HIST: A Graph-based Framework for Stock Trend Forecasting via Mining Concept-Oriented Shared Information

Wentao Xu,Weiqing Liu,Lewen Wang,Yingce Xia,Jiang Bian,Jian Yin,Tie-Yan Liu
DOI: https://doi.org/10.48550/arXiv.2110.13716
2022-01-20
Abstract:Stock trend forecasting, which forecasts stock prices' future trends, plays an essential role in investment. The stocks in a market can share information so that their stock prices are highly correlated. Several methods were recently proposed to mine the shared information through stock concepts (e.g., technology, Internet Retail) extracted from the Web to improve the forecasting results. However, previous work assumes the connections between stocks and concepts are stationary, and neglects the dynamic relevance between stocks and concepts, limiting the forecasting results. Moreover, existing methods overlook the invaluable shared information carried by hidden concepts, which measure stocks' commonness beyond the manually defined stock concepts.
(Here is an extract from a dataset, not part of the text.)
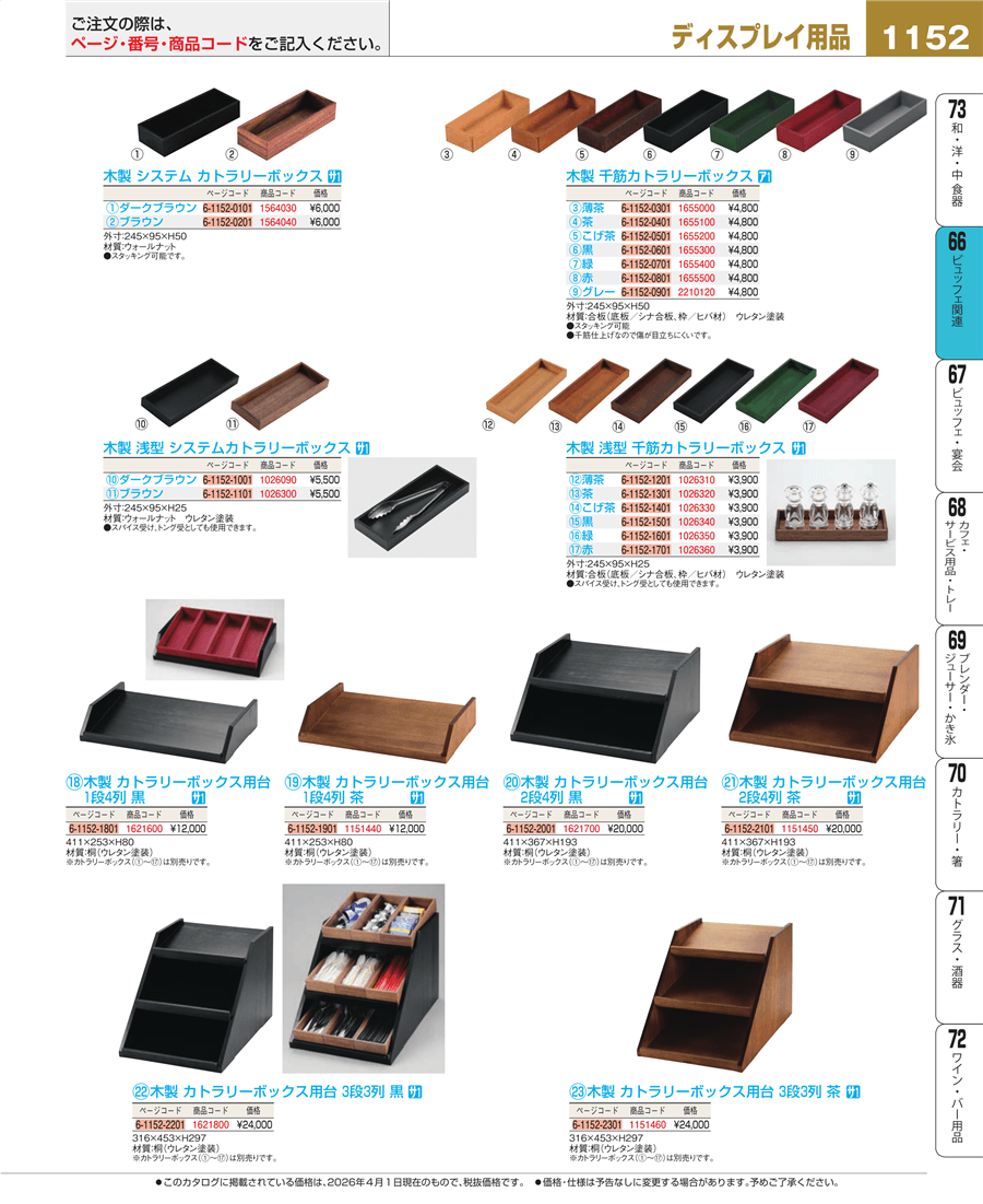 | e26-1151440 | 木製 カトラリーボックス用台 1段4列 茶 | 上代 12,000円(税抜) 見積 | ||

To overcome the shortcomings of previous work, we proposed a novel stock trend forecasting framework that can adequately mine the concept-oriented shared information from predefined concepts and hidden concepts. The proposed framework simultaneously utilize the stock's shared information and individual information to improve the stock trend forecasting performance. Experimental results on the real-world tasks demonstrate the efficiency of our framework on stock trend forecasting. The investment simulation shows that our framework can achieve a higher investment return than the baselines.
Statistical Finance,Machine Learning
What problem does this paper attempt to address?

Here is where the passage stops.